Double your bet on local alliances

Part of the solution could be increased foreign investment in these smaller technology centers. In Latin America, cross-border investments between regional and global investors are increasing, but mainly for emerging companies in the consolidation phase. In addition to a $ 50 million transaction, a cross-border joint investment was included in 2019, with $ 1.7 billion used in 74 co-investment agreements. Latin American startups with considerable traction were finally able to attract capital in the growth phase that was historically not available.

According to Brian Walsh, director of WIND Ventures, much of the region’s consolidation capital comes from abroad, be it from SoftBank’s Vision Fund, Silicon Valley funds or corporate sources. However, Walsh notes: “In times of increasing uncertainty, external sources can be expected to withdraw and focus on regions that are closer to their local networks. Latin America still has to mature to ensure a continuous flow of comprehensive round funding from seed financing, A, B, C +, for its founders in the region itself. “

Cross-border investment in start-up development is still in its infancy in Latin America, and raising funds in the current environment will be particularly difficult. Most cross-border agreements continue to be in the region’s most mature technology centers. In 2019, half (50.5%) of all risk investments were made in Brazil, followed by Mexico (22.7%).

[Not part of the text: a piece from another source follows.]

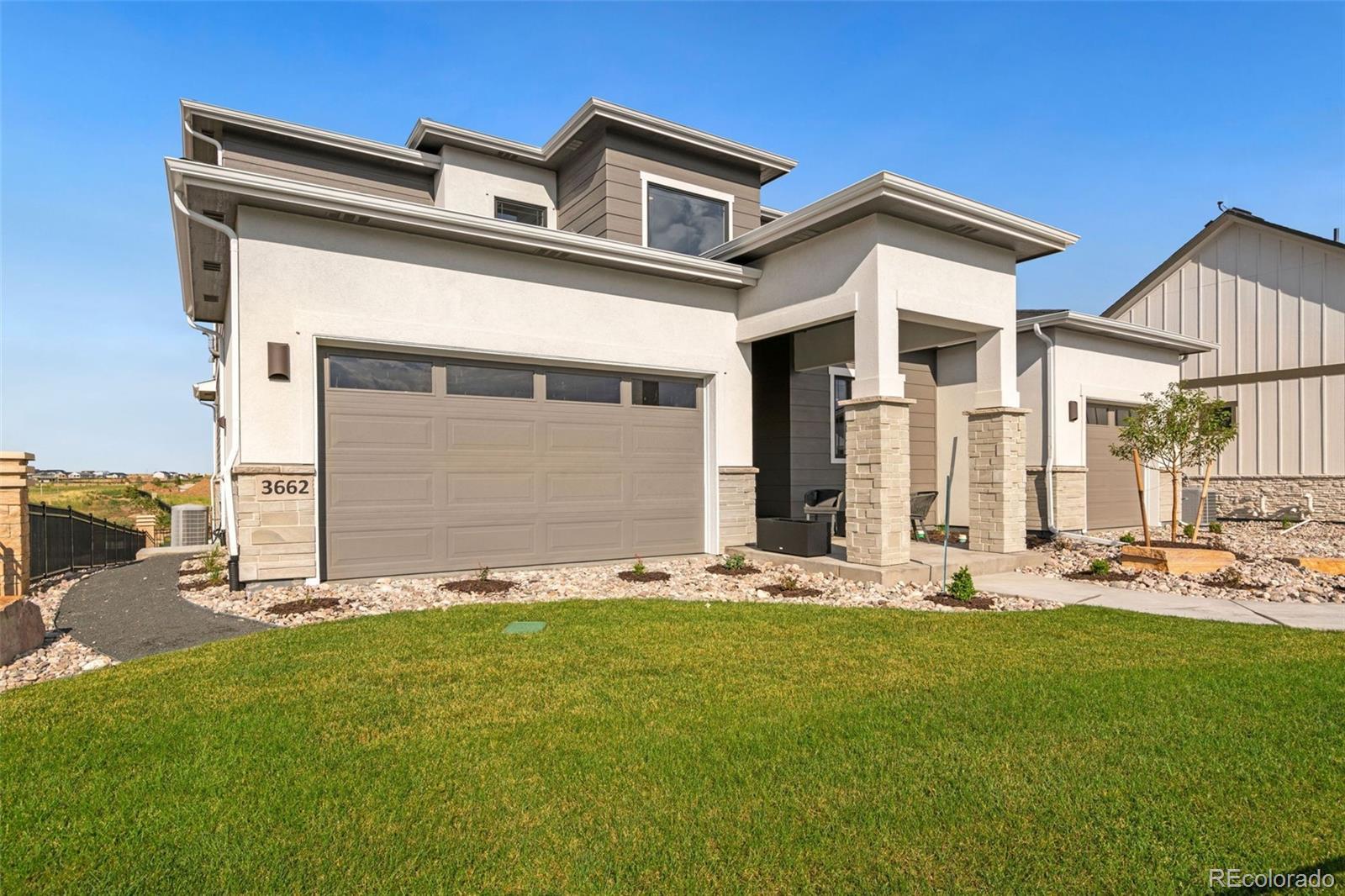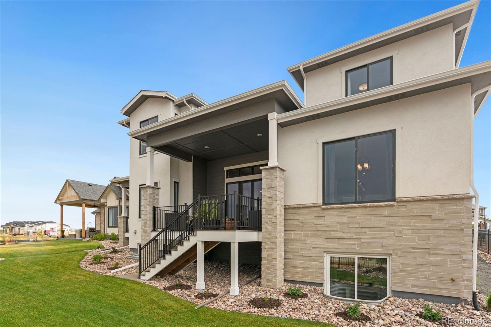 Now Available - Model Home leaseback opportunity! The Remington by Bridgewater Homes. Experience multi generation living in this immaculate 2-story Remington Model Home, crafted by renowned local builder Bridgewater Homes. This beautifully upgraded model showcases the finest in quality construction and high-end finishes throughout. Boasting a split garage w/private entrance to main floor on-suite, this 6 bedroom, 4.5 bathroom, and a main floor office, offers space for everyone - including a fully finished garden level basement with a beautiful wet bar. Premium features include: Engineered hardwood flooring, Gourmet kitchen with gas range, double ovens, slab quartz counters, and custom Tharp cabinets. Large walk-in pantry and functional mudroom. Cozy gas fireplace and designer touches throughout. Retreat to the luxurious primary suite with a spa-inspired 5-piece bath and walk-in closet. Convenient upstairs laundry, central A/C, whole-home humidifier, and 2x6 exterior walls for energy efficiency add to the comfort and value. Outside, enjoy the beautifully landscaped front and back yards, a 12' x 18' covered deck. Located in The Aurora Highlands with easy access to top schools, shopping, Denver International Airport, and commuter routes. Don't miss your chance to own the Remington-schedule your private showing today! Model Home leaseback at 8% CAP rate for 12 months with the option to extend month to month thereafter.

In difficult times, investors are likely to retreat to places where they have already made connections or processes and where business is easier to do. This means that startups in the region’s least developed ecosystems are likely to have fewer funding opportunities from outside their home country because travel restrictions hinder cross-border business.

Promoting cross-border cooperation between regional investors can help founders who are already disadvantaged in smaller emerging ecosystems. Given the impossibility of meeting face-to-face with the founders, regional funds must rely heavily on local alliances to enter into trust agreements and sources of funding. Local funds can reduce friction points for foreign investors by including them in the progress of the funds. The establishment of transparent and repeatable cross-border processes at this time will also help regional investors to compete for business in the future when global funds return to the region.

Get the support and resources founders need

Most founders in Latin America indicated that their team members (56%) and friends and family (39%) were their only support networks. To date, very few have received government or municipal support. ICRs have become a major source of mentoring and advice for entrepreneurs in this difficult time, but there is still much to be done. In the first round, this helpful guide was drawn up, how to create a well-functioning mentoring program and how to achieve a greater impact as a mentor.

Supporting startups in these ecosystems is of crucial importance for the future of the entire region / Photo: Scott Umstattd on Unsplash

In addition, most of the region’s network acceleration programs, competitions, and events have been suspended or conducted online. Some of the startups that do not have access to such programs and resources in their cities or countries of origin depend on foreign funding and expansion opportunities. While online events offer more flexibility for startups anywhere, the virtual environment presents a number of unique challenges, especially when it comes to meeting potential investors and building trust.

Community organizations of startups in Latin America that are starting their online activities for the first time can learn from other companies that have successfully done so during the crisis. For example, 500 startups have recently provided detailed instructions on how to manage their first virtual demo day for their startups. Splice Media, which helps Asian media startups, also gave guidance on how they organized an online support session for entrepreneurs to share tips on how to deal with the current crisis.

s from the smallest technology centers in Latin America have made significant progress in recent years. Supporting startups in these ecosystems is crucial for the future of the entire region.